In «Kudos» entra in scena una giornalista che parla tutto il tempo di sé sebbene sia lì per intervistare la narratrice. Quando lei la vede, ricorda di averla già incontrata e di esserne rimasta impressionata, perché il racconto che a suo tempo le fece della sua vita trasmetteva una totale «mancanza di suspense». Questa osservazione suona strana in un suo libro, perché suspense e mistero sembrerebbero non interessarla affatto.

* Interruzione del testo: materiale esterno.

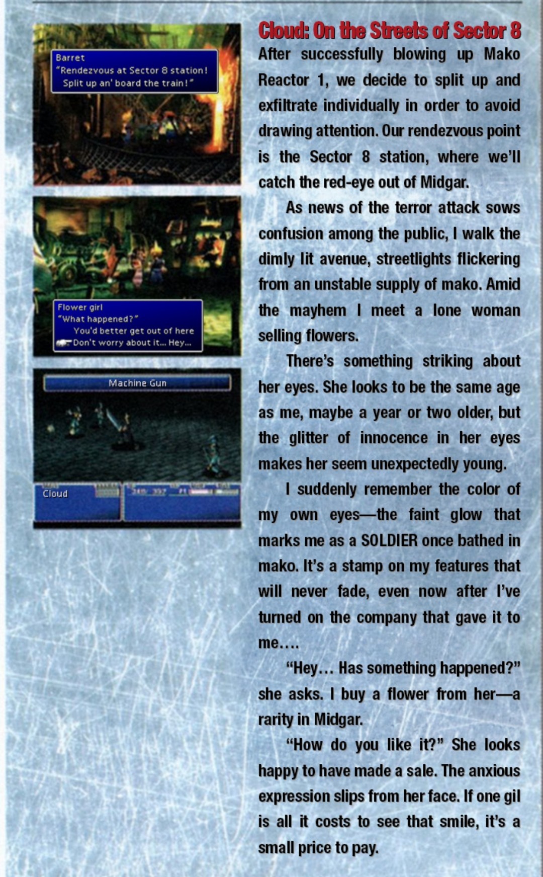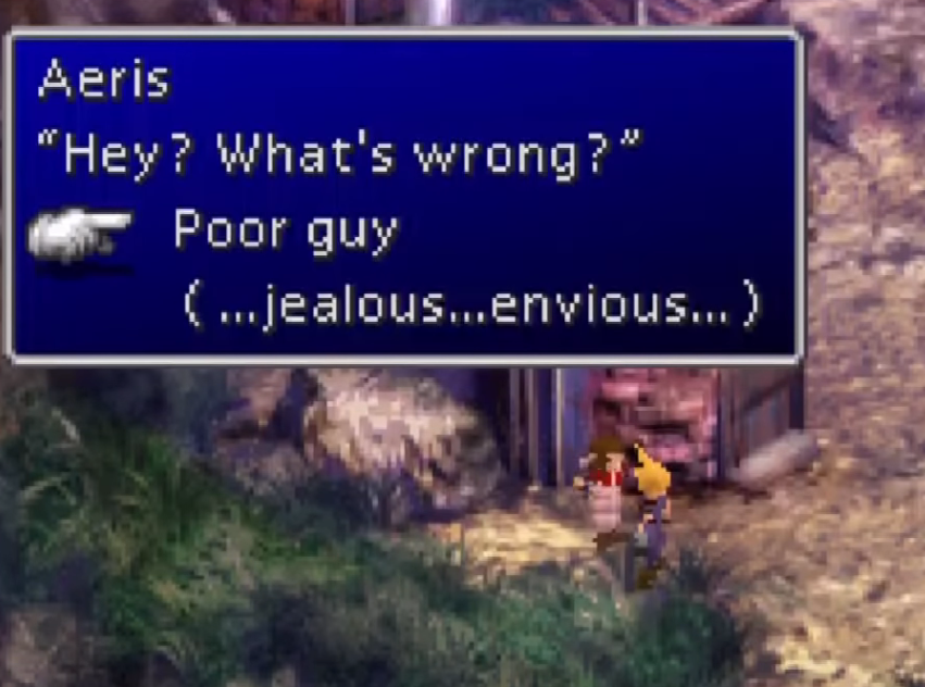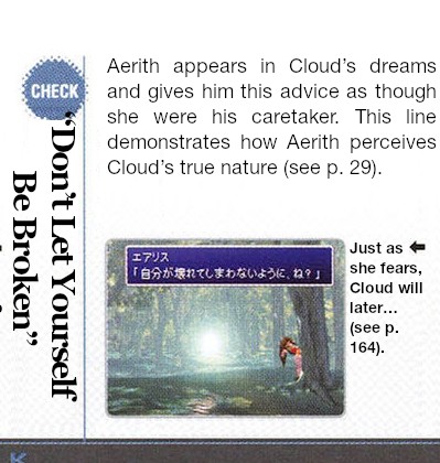 I wish I had gifs of scared Aerith when these walls of text start to appear.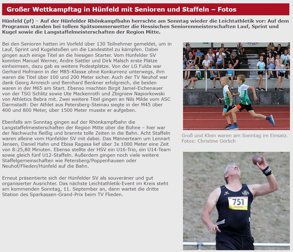 Nachdem am 10. Juli bereits in Stadtallendorf Teil 1 durchgeführt worden war (Schwerpunkt: Sprung +Wurfdisziplinen) war es dann am 04.09. auf der Hünfelder Rhönkampfbahn soweit: Fleißigster Medaillensammler war Tim Reitz von der LG Reinhardswald. Er holte in der M40 insgesamt 5x Gold (100m, 200m, 400m, 110m Hü, 400m) sowie 1x Bronze (Kugel). Die Mittel-/Langstreckenläufe der W55 waren dagegen fest in der Hand von Gabi Baltruschat (Spiridon Frankfurt). Sie war die schnellste über 800, 1500m sowie 5000m. Neben den Laufdisziplinen wurde auch das Kugelstoßen angeboten. Besonders erwähnenswert die 12,71m von Hendrik Schaak (SSV Vellmar) in der M60 sowie die 9,69m von Anne Rauschenbach (LG Bad Soden/Sulzbach/Neuenhain) in der W40. Gleichzeitig waren diese Hessischen Meisterschaften auch die letzte Qualifikationsmöglichkeit für die Hessischen Senioren für die zwei Wochen später stattfindende DM. Und während bei der DM die 400m Hürden und die 5.000m aus organisatorischen Gründen nicht angeboten werden, standen diese Disziplinen bei den Hessischen Meisterschaften auf der Rhönkampfbahn im Programm. Außerdem wurden in einem 2-stündigem Zeitfenster noch die Regionalmeisterschaften der Staffeln durchgeführt. Hier waren alle Altersklassen von den Schülern bis zu den Senioren vertreten. „Durch die Zusammenlegung beider Meisterschaften ist es uns gelungen, eine generationsübergreifende Veranstaltung zu organisieren.“ so Rainer Hahn vom ausrichtenden Hünfelder SV. Insgesamt wäre es natürlich schön, wenn es wieder einen Veranstalter gibt, der alle Disziplinen gleichzeitig ausrichtet. Sollte dies aber nicht machbar sein, so ist eine Teilung der Meisterschaft eine sinnvolle Alternative.
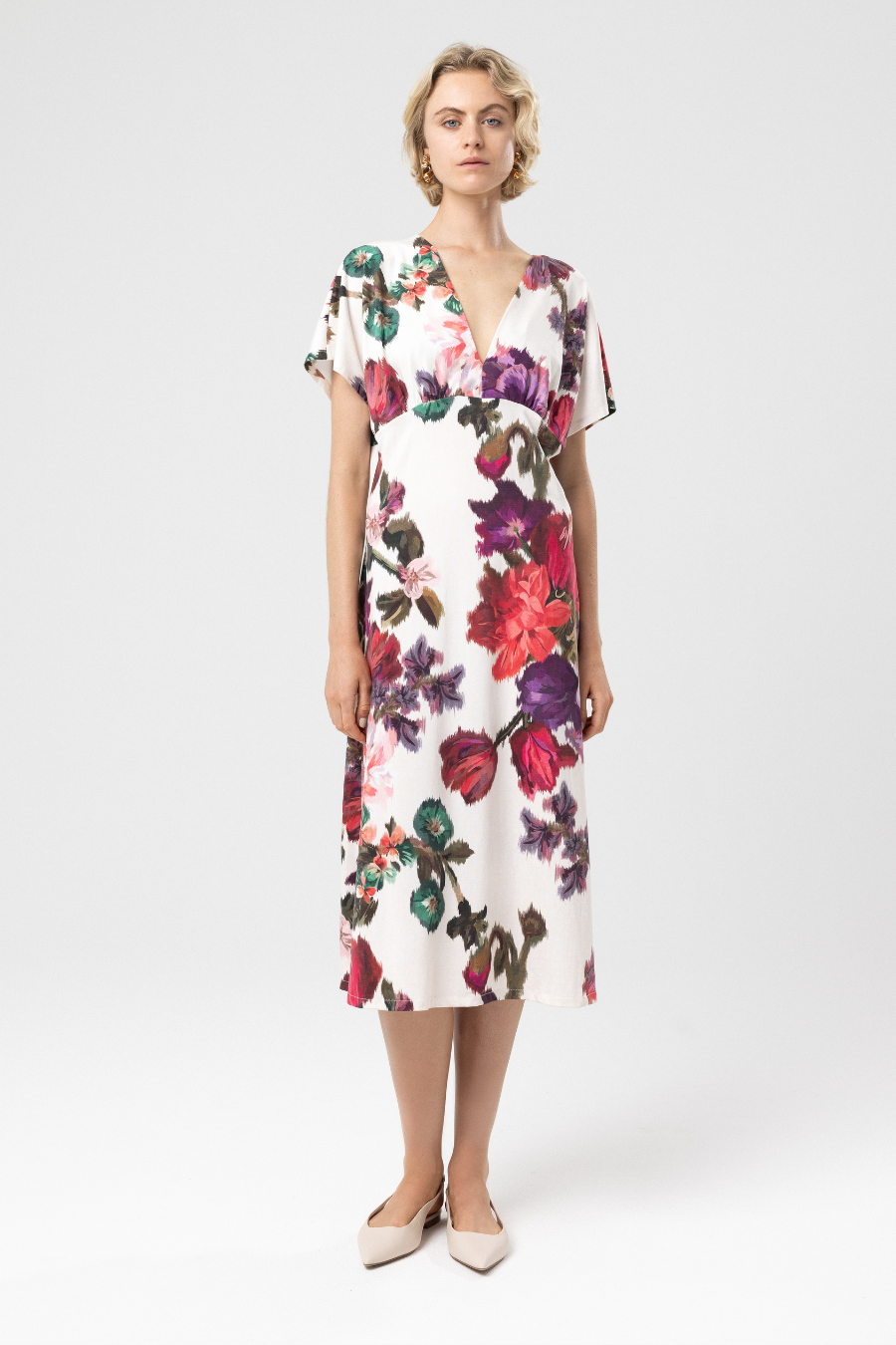 Designed with a flattering empire waist and delicate pleats at the bust, PASSION enhances the silhouette with softness and elegance. Its V-neckline adds a refined touch, while the short, wide sleeves bring ease and lightness to every movement. The fit-and-flare shape, paired with a below-the-knee length, makes this dress a versatile piece—effortlessly chic for any occasion.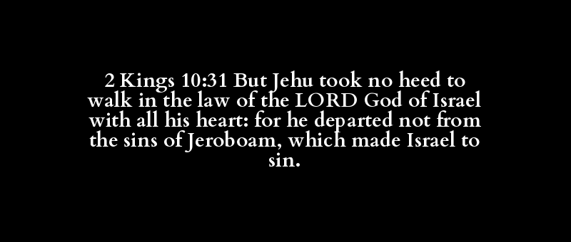 2 Kings 10:31 But Jehu took no heed to walk in the law of the LORD God of Israel with all his heart: for he departed not from the sins of Jeroboam, which made Israel to sin.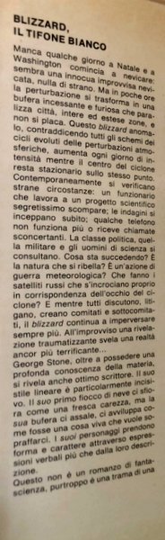 Soggetti: Narrativa, Romanzi, Letteratura Americana, Fantascienza, Fantasy, Libri vintage, Fuori catalogo, Anni Settanta, Clima, Meteorologia, Blizzard, Bufere, Tifoni, Perturbazioni atmosferiche, Gialli, Mistero, Cicloni tropicali, Guerra meteorologica, Guerra fredda, Disastri naturali, Fantapolitica, Geopolitica, Geologia, Scienze della terra, Racconti, Inverno, Nevicate, Neve, Tempeste, Thriller, Fantameteo, Precipitazioni, Comunismo, America, Russia, Spionaggio, Potere, Politica, Giallo, Mistery, Temperatura, Previsioni, Pioggia artificiale, Fiction, Novels, Literature, Sci-Fi, Fantasy, Books out of print, Seventies, Climate, Meteorology, Buffaloes, Typhoons, Weather perturbations, Mystery, Tropical cyclones, Meteorological war, Cold war, Natural disasters, Political science, Geopolitics, Geology, Earth sciences, Tales, Winter, Snowfall, Snow, Storms, Phantasm, Precipitation, Communism, Espionage, Power, Politics, Yellow, Temperature, Predictions, Artificial Rain, Freeze, Blizzard. Roman einer Katastrophe

Infatti non mi interessano. Quando prima dicevo che ho voluto scrivere un libro emancipato dalla paura è a questo che alludevo, perché per me suspense e terrore sono due aspetti della stessa questione. A un certo punto mi sono ritrovata a pensare che, di questi tempi, l’uso corrente della narrazione confida in larghissima misura su questi elementi, e di contro mi è venuto da chiedermi: quanta parte della nostra vita reale è basata sulla suspense? Da allora mi sono applicata a cercarne degli esempi in quanto scrivo io stessa, poi nei libri degli altri, poi sono passata alla letteratura critica per andare a vedere dov’è che potessi trovare un angolino libero da questa sorta di coazione alla suspense, e mi è sembrato che da quell’angolino nascosto si potesse tirare fuori molto.

Certamente non sarà casuale il fatto che sia in «Resoconto» che in «Transiti» si arriva molto tardi a sapere che la voce narrante, protagonista della trilogia, si chiama Faye. Come mai ha scelto di aspettare tanto prima di darle un nome, e perché a un certo punto decide di darglielo visto che fino a tre quarti del libro ne ha fatto a meno?

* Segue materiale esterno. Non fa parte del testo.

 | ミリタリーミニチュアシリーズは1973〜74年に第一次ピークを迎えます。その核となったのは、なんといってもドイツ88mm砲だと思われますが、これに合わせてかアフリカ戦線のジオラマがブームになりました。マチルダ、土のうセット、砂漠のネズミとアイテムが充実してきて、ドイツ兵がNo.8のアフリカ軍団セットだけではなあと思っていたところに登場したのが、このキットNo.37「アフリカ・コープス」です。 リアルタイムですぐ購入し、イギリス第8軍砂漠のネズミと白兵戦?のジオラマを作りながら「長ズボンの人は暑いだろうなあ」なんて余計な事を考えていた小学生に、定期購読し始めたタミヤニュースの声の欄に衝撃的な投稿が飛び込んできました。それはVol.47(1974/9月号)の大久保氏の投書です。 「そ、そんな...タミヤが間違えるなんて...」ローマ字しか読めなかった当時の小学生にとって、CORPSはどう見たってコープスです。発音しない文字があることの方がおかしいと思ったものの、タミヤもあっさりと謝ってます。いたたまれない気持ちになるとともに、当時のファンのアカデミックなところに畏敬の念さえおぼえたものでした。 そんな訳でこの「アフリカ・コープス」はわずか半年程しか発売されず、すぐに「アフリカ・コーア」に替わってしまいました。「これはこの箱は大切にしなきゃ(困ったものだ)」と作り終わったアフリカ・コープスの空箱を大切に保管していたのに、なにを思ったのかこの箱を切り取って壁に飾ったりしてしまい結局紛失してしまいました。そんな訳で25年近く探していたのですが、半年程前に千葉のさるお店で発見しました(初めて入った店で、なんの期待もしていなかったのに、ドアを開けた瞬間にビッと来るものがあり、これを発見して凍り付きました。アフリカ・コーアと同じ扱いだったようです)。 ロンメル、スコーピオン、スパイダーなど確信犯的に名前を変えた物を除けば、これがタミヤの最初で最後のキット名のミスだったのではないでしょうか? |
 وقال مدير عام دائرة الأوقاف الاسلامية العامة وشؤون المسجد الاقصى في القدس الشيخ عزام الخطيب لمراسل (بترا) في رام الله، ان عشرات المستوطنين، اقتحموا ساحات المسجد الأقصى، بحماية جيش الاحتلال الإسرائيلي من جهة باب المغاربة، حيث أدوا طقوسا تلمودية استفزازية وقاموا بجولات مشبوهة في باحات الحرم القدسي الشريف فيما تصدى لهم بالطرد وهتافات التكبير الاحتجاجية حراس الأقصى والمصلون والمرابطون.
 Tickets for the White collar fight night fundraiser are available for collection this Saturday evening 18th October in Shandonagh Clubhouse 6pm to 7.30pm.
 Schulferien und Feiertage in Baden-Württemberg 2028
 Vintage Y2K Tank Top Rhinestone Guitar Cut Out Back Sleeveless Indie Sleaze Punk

Non so se sia stata precisamente una scelta, so però che il progetto di scrittura cominciato con Outline ruota intorno alla rimozione dal testo di ogni conoscenza pregressa: il libro sa, ma non rivela come ha fatto a sapere. Dato questo presupposto, cessa di essere moralmente interpellabile. Se ci vuole tanto tempo perché quel che c’è da conoscere diventi visibile è perché il lettore viene trattato come un passante, che incontra una persona e arriva a conoscerne il nome non prima di averlo sentito pronunciare a alta voce. Mi sembrava realistico procedere così, anche se non avevo un piano preciso. Di sicuro, volevo produrre un artefatto che esprimesse una perdita e potevo farlo solo rappresentando questa perdita tramite una presenza, come nel rapporto tra il negativo e il positivo di una fotografia.

Lei è arrivata solo gradatamente, non prima di mettere insieme questa trilogia, a cambiare il suo modo di scrivere, innanzi tutto rinunciando a un intreccio e popolando le sue pagine di persone che sembrano la negazione stessa del personaggio romanzesco. Come è avvenuto questo passaggio?

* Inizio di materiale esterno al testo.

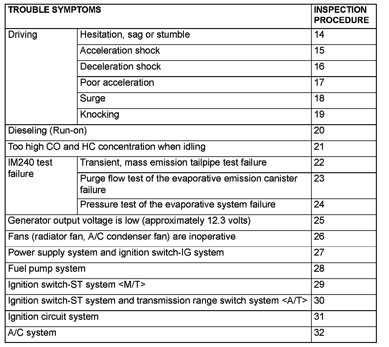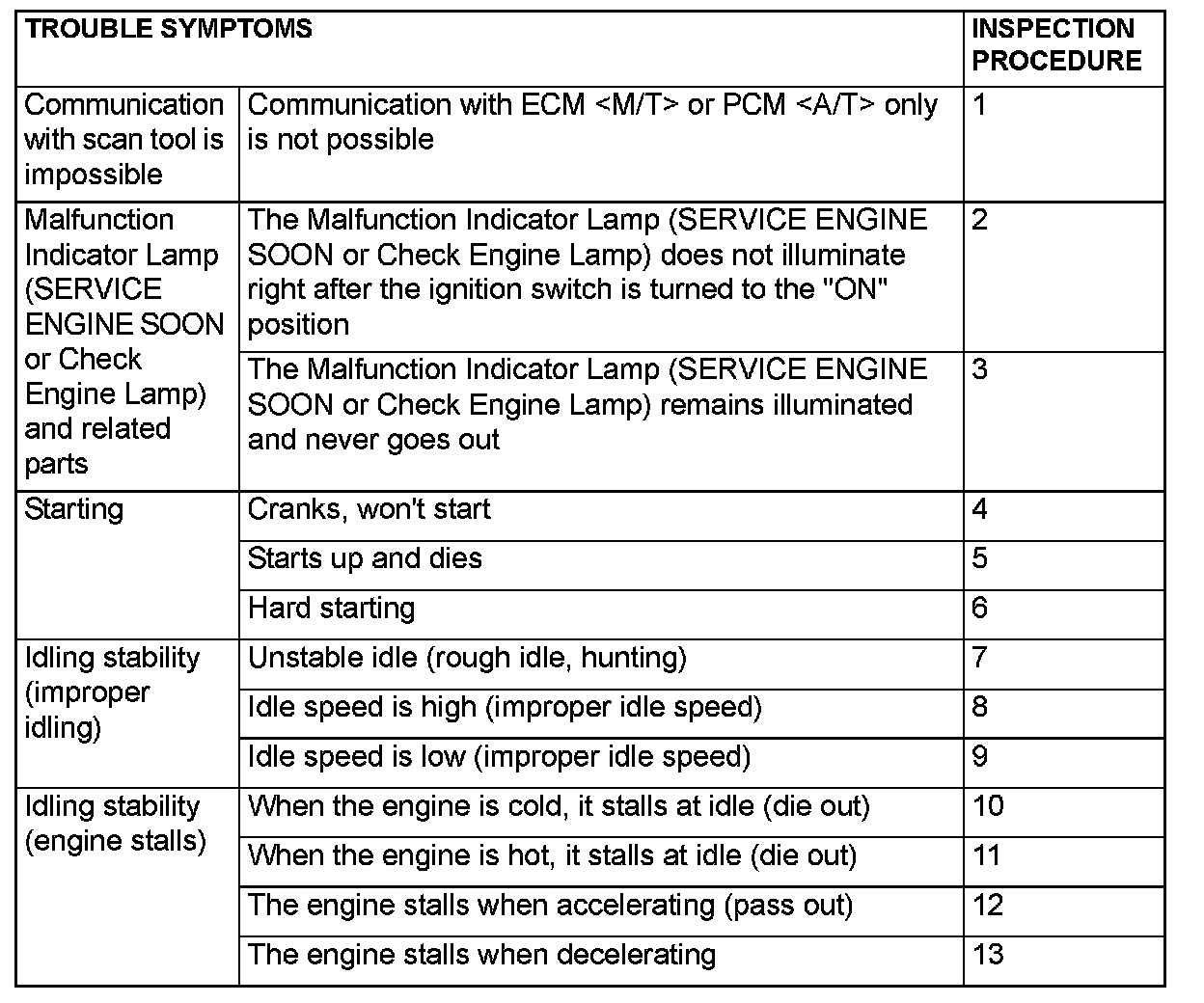 SYMPTOM CHARTWARNING: When touching the throttle valve, surely shut off the driving circuits of the throttle valve. In the event that the throttle valve is operated, a finger might be injured as the result of being caught by the throttle valve.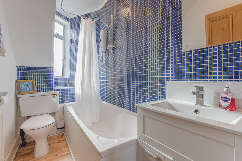 BATHROOM The bathroom is beautifully finished with an eye-catching blue mosaic tile design that adds character and style to the space. It is fitted with a bath, overhead shower, and heated towel rail, combining practicality with comfort. Natural light flows through the window, enhancing the fresh and airy feel of the room.

Ci sono arrivata tramite un processo che a me è sembrato molto lungo e altrettanto doloroso. Avevo cominciato scrivendo una serie di romanzi da una parte e di memoir dall’altra. Non potendo mettere tutto ciò di cui volevo parlare in un solo genere di contenitore, ne avevo allestiti due, il che riflette tra l’altro la scissione tipica dell’identità femminile. Sono andata avanti a lungo così, ma mentre i miei romanzi non producevano particolari reazioni, i miei memoir facevano arrabbiare i lettori, che dicevano di uscirne sconvolti, e mi ribaltavano contro le loro emozioni colpevolizzanti. Si vede che non ero riuscita a restare sulle generali come avrei voluto: nella forma del memoir, mi ero presa delle libertà che ho pagato a caro prezzo: evidentemente sbagliavo qualcosa, il contenitore che avevo ideato non funzionava. D’altronde, mi chiedevo, come mai la forma-romanzo autorizza l’autore a inventare episodi di crudeltà, scene di orrore, sentimenti abietti e chi legge per giunta non batte ciglio? Questo, mi sono detta, rivela che la forma-romanzo ha qualcosa di pornografico, e dunque ho cercato di elaborare una terza via.